Apparently, she’s currently got three: Skipper, Stacie, and Chelsea. I’m familiar with Skipper — she was around during my own Barbie days during the late ‘80s and ‘90s — and now that I’m looking at the name, I have vague memories of Stacie arriving on the scene when I was young; Chelsea, though? Who is Chelsea? And, for that matter, who is Kelly?
Turns out, Kelly and Chelsea are pretty much the same person; Kelly was introduced as the youngest Roberts sister in the mid-‘90s and before being retired and relaunched as Chelsea in 2010/2011. The more you know, right?
Here’s the really bananas thing, though: There are also other Roberts siblings who have been written out of the narrative. Not too long after Skipper was introduced in the mid ‘60s, a pair of Roberts twins came along named Tutti and Todd. An infant sister named Krissy was also briefly available in the late ‘90s.
Just, y’know… FYI.
AND YET THERE IS STILL MORE.
The internet really went to town unraveling the tangled web that is the Roberts family in response to this one simple tweet; some, for example, had some… questions about the fact that Skipper’s hair isn’t the same color as her sisters’:
And although that's a possibility, I'd like to take this moment to point out that there are plenty of reasonable explanations for Skipper's hair color that do not rely on the idea of Margaret Rawlins Roberts cheating on her husband, George. (And yes, those are the names of the Roberts parents, according to a series of novels starring Barbie and family that were published in the ‘60s.) Maybe there was a recessive dark-haired gene on both sides of the family that expressed itself only in Skipper. Maybe they’re a blended family. Maybe Skipper dyed her hair (she's also got purple streaks, after all). Maybe she’s going through her emo stage.
Further supporting the emo theory is Skipper's wardrobe choice:
Alas, though, it’s not a Paramore shirt; it’s a “Paradise” shirt, which happens to be Skipper’s outfit for the Barbie and Her Sisters in a Puppy Chase line:
Either way, though, I’m kind of loving Skipper’s “lewk” these days; the dark hair with the purple streaks is speaking to me deep in my soul. Of course, I say this as a person with dark hair who had blue streaks until fairly recently, so… I am perhaps a bit biased here.
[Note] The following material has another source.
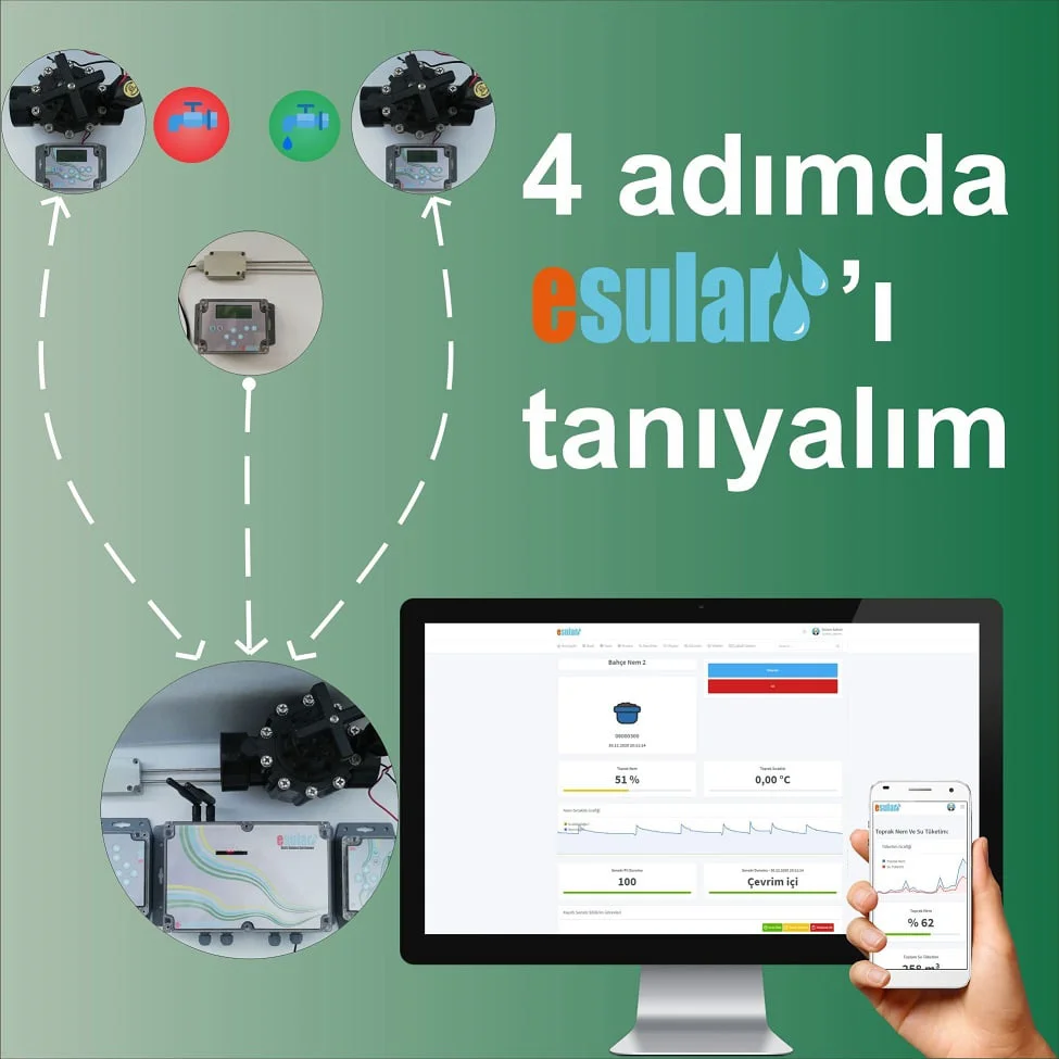 What is the esular smart irrigation automation solution? Our system, which offers GSM-controlled remote valve control automation, also allows for effective with sensors. Thanks to its practical and wireless structure, it offers an effective solution in large agricultural lands and areas where automation is difficult.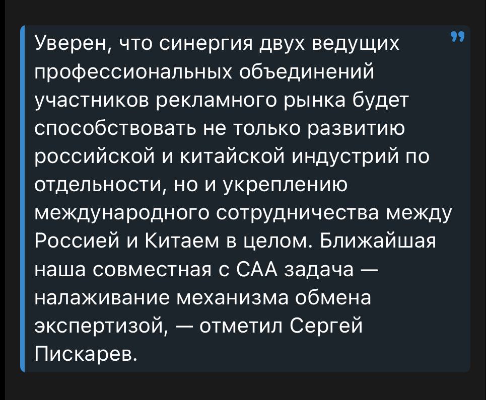 Китайская рекламная ассоциация всецело поддержала идею АКАР по созданию Международной ассамблеи рекламных ассоциаций стран БРИКС.

But despite how wild this ride turned out to be for so many people, let’s not forget that it also united families:
According to the U.S. Census, there are around 376,774 people with the last name Roberts in the United States. Are they all necessarily related? No, but it’s kind of fun to think that there might be some ties in there somewhere — even among fictional characters who exist only as dolls.
Happy belated National Siblings Day, Roberts family. Thanks to you, the world will never be the same.